Some people have suggested that the corner doorway looks like the Homestead at 19th and Folsom, but I'm not convinced.  The rest of the wall looking down 19th doesn't look like it, and that Victorian house doesn't match.

We should also point out that this guy is so into this problem he bought a Muni map from the 60's and then followed all the routes on Street View looking for it because of the bus stop part of the anecdote above.  So far, no luck.

So what do you think, guys?  Recognize the spot?  Any ideas?  Anyone want to go out today and make an exhaustive survey of every corner-facing doorway in the Mission?

POSTSCRIPT:  Of course, the real question here is WHY.  Why do we want to find out where this picture was taken?  Well, it would be interesting to know, as a historical (or "an historical," if you're from New York) curiosity.  But I really want to find it so I can get 6 friends together and recreate it exactly, IF YOU MUST KNOW.

10 comments:

Stephen said...

Something else from the hopper:

These purport to be some other, portrait photos, from a (if not "the") Workingman's Dead photoshoot:

http://www.dead.net/tags/workingmans-dead

They don't have a lot of extra-portrait material, but for this photo of Lesh:

http://www.dead.net/sites/deadbeta.rhino.com/files/images/19700614_0831.jpg

I don't know where that is. Mission and Army? And again, they weren't necessarily taken in the same place.

I checked to see if "Mouse Studios" was a place, but it appears to be the name of the art direction company.

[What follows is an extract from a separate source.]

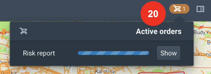 System poinformuje o zakończeniu liczenia raportu zielonym komunikatem w prawym górnym rogu. W każdym momencie możesz sprawdzić status obliczeń klikając w koszyk zamówień (20):
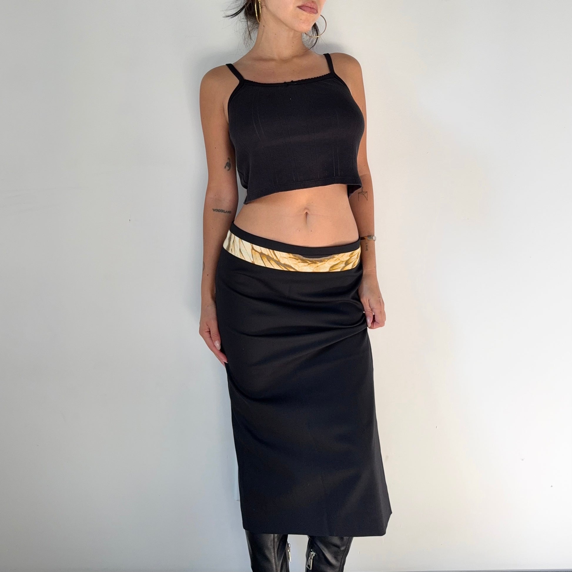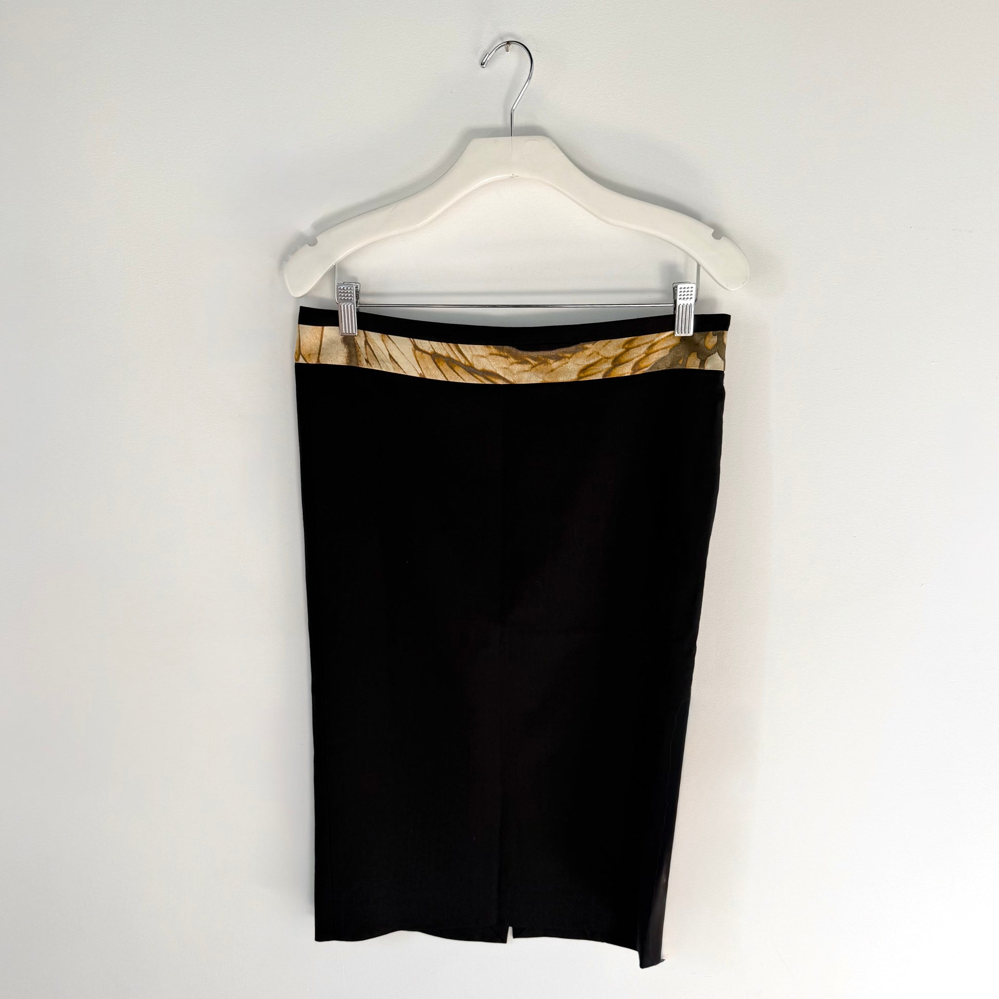 Vintage Cavalli black midi pencil skirt with animal print trim.

Ultimately, there's been so much construction in the Mission, that there's a good chance it's unrecognizable now.

Tamagosan said...

I may have avoided the endless and wondrous timesink that is this history nerdiness, but now I have Uncle John's Band in my head. THANKS A LOT.

Post an update and/or your recreated photo (!!!) so the lazier history nerds among us can enjoy! Too bad you don't have a more Deadhead reader base or I'm sure this question would be solved stat.

TK said...

S -

We were looking at that pic yesterday. I thought it was Mission & Army too; Tom seemed to think it might be Market & Van Ness.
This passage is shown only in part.